GlycoMIP researchers will harness the power of artificial intelligence and machine learning to make glycomaterial synthesis, modeling and data analysis more accessible to the scientific community and provide urgently needed resources to advance data science.

GlycoMIP’s computational research efforts require cutting-edge, high-performance computing resources and are synergistic to the NSF-funded Molecular Sciences Software Institute, another multi-institutional organization led by Virginia Tech, which serves the global community of computational molecular scientists.

“A specific goal of the GlycoMIP project is to have predictive capabilities to inform the design of new synthetic materials with specific properties,” explained T. Daniel Crawford, director of the Molecular Sciences Software Institute and University Distinguished Professor of chemistry in Virginia Tech College of Science. “My role in this project is to provide robust and highly accurate computational predictions of a number of qualities pertaining to sugar and glycan molecules.”

Users of the new GlycoMIP facility will also have access to existing user facilities at Virginia Tech and the University of Georgia housing state-of-the-art equipment, which will be particularly beneficial to researchers at smaller universities and in industry.

The NSF award will support research by graduate students and postdoctoral associates, helping prepare them for careers in glycomaterials research and development. It will also support outreach activities, including continuing education and the introduction of glycomaterials science to elementary and secondary school students and the general public. Annual meetings of stakeholders will support scientific exchange and networking within the glycomaterials community.
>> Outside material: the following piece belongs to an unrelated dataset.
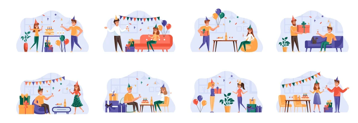 Download free: Party scenes bundle with people characters. Friends drinking and having fun together, congratulating and presenting gifts situations. Birthday party with festive decoration flat vector illustration.

“GlycoMIP will investigate an important class of biological materials that has been less studied,” said Linda Sapochak, director of NSF Division of Materials Research. “NSF is excited to support this Materials Innovation Platform that embraces the vision of the Materials Genome Initiative and combines scalable synthesis, high-throughput characterization, and advanced modeling to produce and explore novel glycomaterials from the molecular level to the mesoscopic scale.”

Charles Ying, NSF program director who oversees GlycoMIP and other MIPs, added, “GlycoMIP will provide unique tools and databases to users nationwide as well as to researchers at the participating institutions in several disciplines including materials, biology, and chemistry.”
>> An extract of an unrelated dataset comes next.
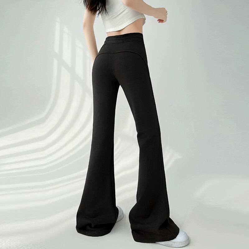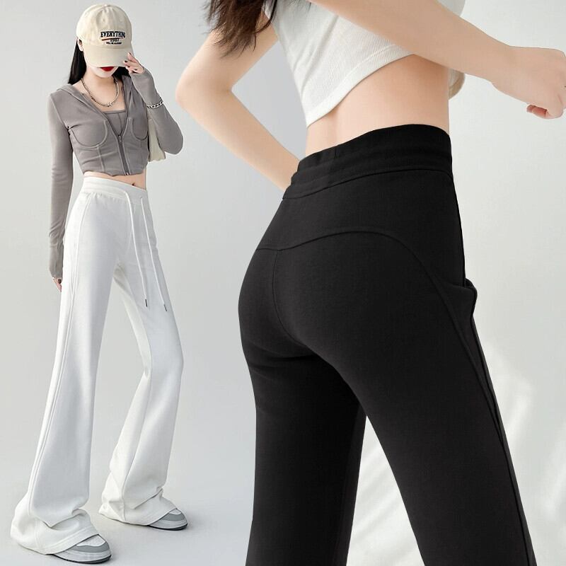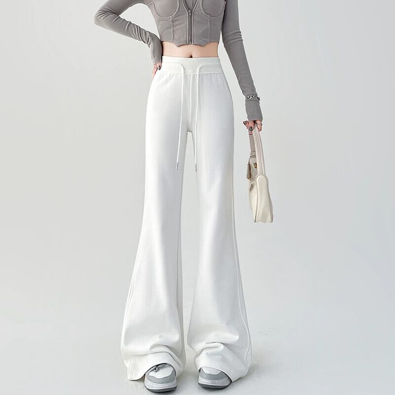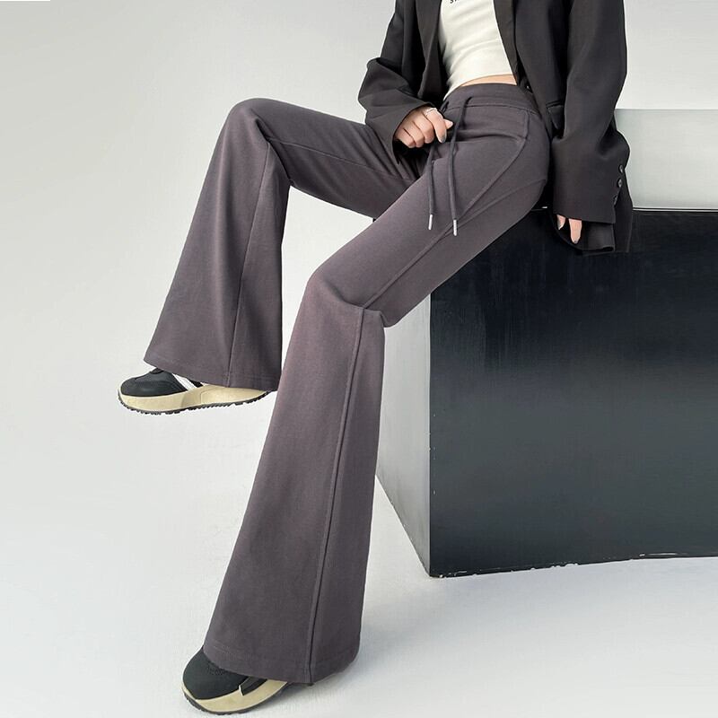 アメリカングレーのマイクロフレアパンツレディース、春と秋のストレートレッグスウェットパンツ、ハイウエスト、スリムでドレープ、ワイドレッグ、フロアレングスカジュアルパンツレディース スプリング 春物 オータム 秋物 7460013902189504 | framboise21

GlycoMIP is funded by the NSF Division of Materials Research in the Directorate for Mathematical and Physical Sciences as well as by the Division of Molecular and Cellular Biosciences in the Directorate for Biological Sciences.

“This highly prestigious award reflects UGA’s leadership in biomaterials research and innovation, as well as the unique expertise of the CCRC,” said David Lee, UGA vice president for research. “It also reflects UGA’s desire to partner with other leading research institutions in order to advance knowledge with important practical outcomes.”

“The UGA GlycoMIP team members at the CCRC have long standing expertise in carbohydrate analysis, modeling, synthesis, and user service, with particular interest in the role of glycoproteins in human biology and disease,” Woods said. “This background has enabled a number of us to pivot research efforts to addressing the critical role of glycoproteins in Covid-19 infections.”